The immune system seems to represent a relevant target for the antineoplastic effects of vitamin D. In fact, VDR is expressed in different types of inflammatory cells and vitamin D is able to exert inhibitory effects on chronic inflammation and consequent immune cell proliferation, which play a central role in promoting the cancer development in colon, liver, stomach, prostate, and many other cells and tissues.

Vitamin D activity and role has been especially investigated for prostate, breast, colorectal, and skin cancer. The antiproliferative, pro-differentiating, and anti-metastatic effects of vitamin D metabolites on prostate cells have been demonstrated in vitro but are not always as obvious in vivo. In mammary gland, vitamin D activity is known to contribute to the physiological development of the gland, while low levels of circulating 25(OH)D were correlated to the risk of developing breast cancer. In breast cancer cells, CYP24A1, which promotes the degradation of 1,25(OH) 2D, is increased, so suggesting that the malignant tissue has a tendency to inactivate the vitamin D pathway.
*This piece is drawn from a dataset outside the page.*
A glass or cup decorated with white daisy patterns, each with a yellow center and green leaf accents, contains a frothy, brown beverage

It is now well established whether vitamin D and its metabolites act as inhibitors of colorectal cancer progression. However, it is likely that vitamin D influences both the initiation and progression of colorectal cancer interacting with Wnt/beta-catenin signaling and the innate immune response.
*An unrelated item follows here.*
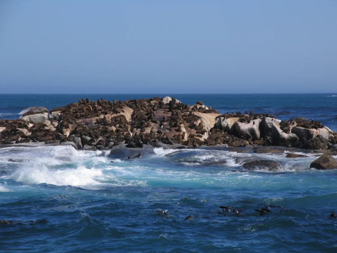 海豹島是開普敦豪特灣海域中的一個長條形礁石島。每天上千只海豹成群結隊地登上礁石棲息,這些海豹屬于開普軟毛海豹,是南部非洲的本土品種,繁殖于南非及納米比亞的海岸線上,壽命20~40年。來往的漁民沒有對這些唾手可得的漁貨動心,而是自發性地進行保護,附近海域禁漁,嚴禁旅游觀光人員登島,避免干擾其生活環境。

To establish the relationship between vitamin D and risk of melanoma is not easy and data available to date are insufficient to draw realistic conclusions. A protective role of vitamin D in melanoma is suggested by the evidence that the 1,25(OH)2D regulates cell growth and apoptosis in human keratinocytes, exerts antioxidative, cytoprotective, and immunomodulatory effects in the skin, protects human keratinocytes against UV-B-induced cell damage. A recent study showed that higher 25(OH)D levels were associated with lower Breslow thickness at diagnosis and were independently protective of relapse and death.
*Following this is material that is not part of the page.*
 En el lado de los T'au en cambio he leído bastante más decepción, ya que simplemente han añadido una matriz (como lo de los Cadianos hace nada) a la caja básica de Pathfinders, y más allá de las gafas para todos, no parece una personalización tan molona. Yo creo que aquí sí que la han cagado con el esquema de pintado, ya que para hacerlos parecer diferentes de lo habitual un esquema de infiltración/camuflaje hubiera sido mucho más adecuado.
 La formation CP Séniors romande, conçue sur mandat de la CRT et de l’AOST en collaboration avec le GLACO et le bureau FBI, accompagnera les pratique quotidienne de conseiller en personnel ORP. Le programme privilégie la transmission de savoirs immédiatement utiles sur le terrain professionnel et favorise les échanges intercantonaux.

The pathway of vitamin D seems to be involved in the development of endocrine and neuroendocrine tumors too, but few and contrasting data are available to date. Some studies highlighted the complex relationship between Pit-1 (pituitary transcription factor), a transcription factor present in pituitary and other tissues, and VDR. Regarding differentiated thyroid carcinoma cells, an antiproliferative effects of vitamin D (G1 phase arrest and accumulation of p27) in a dose-dependent manner has been reported. In MEN1, VDR gene resulted to be scarcely expressed, probably due to menin deficiency, characteristic of the syndrome.

Vitamin D may also plays a role in the genetic predisposition to cancer development. The relationship between some tumor types and specific SNPs of the VDR gene has been investigated. About 200 different SNPs of VDR have been described. The VDR SNPs more frequently evaluated are Fok1, Bsm1, Taq1, Apa1, EcoRV, Cdx2. The strongest relationship was found between BsmI, FokI and melanoma, BsmI, FokI, ApaI and prostate cancer, BsmI, FokI, TaqI and breast cancer. However, at now data are often contradictory and it is still not possible to achieve any conclusion about the correlation between VDR genotype and cancer occurrence.

Further studies are required to better clarify the molecular mechanisms of the antineoplastic activity of vitamin D and site- and tumor-specific expression and function of vitamin D pathway. In our opinion, one of the most intriguing aspect to explore in the next future is the role of vitamin D supplementation in the general population or in populations susceptible to specific types of tumors, in order to establish if it is protective against cancer development. It will be also interesting to explore therapeutic applications of vitamin D and its analogs in patients with cancer. In particular, better understanding of responsive phenotypes and specific combination with cytotoxic drugs are promising tools for the future use of vitamin D in cancer treatment.

Conflict of Interest Statement

The authors declare that the research was conducted in the absence of any commercial or financial relationships that could be construed as a potential conflict of interest.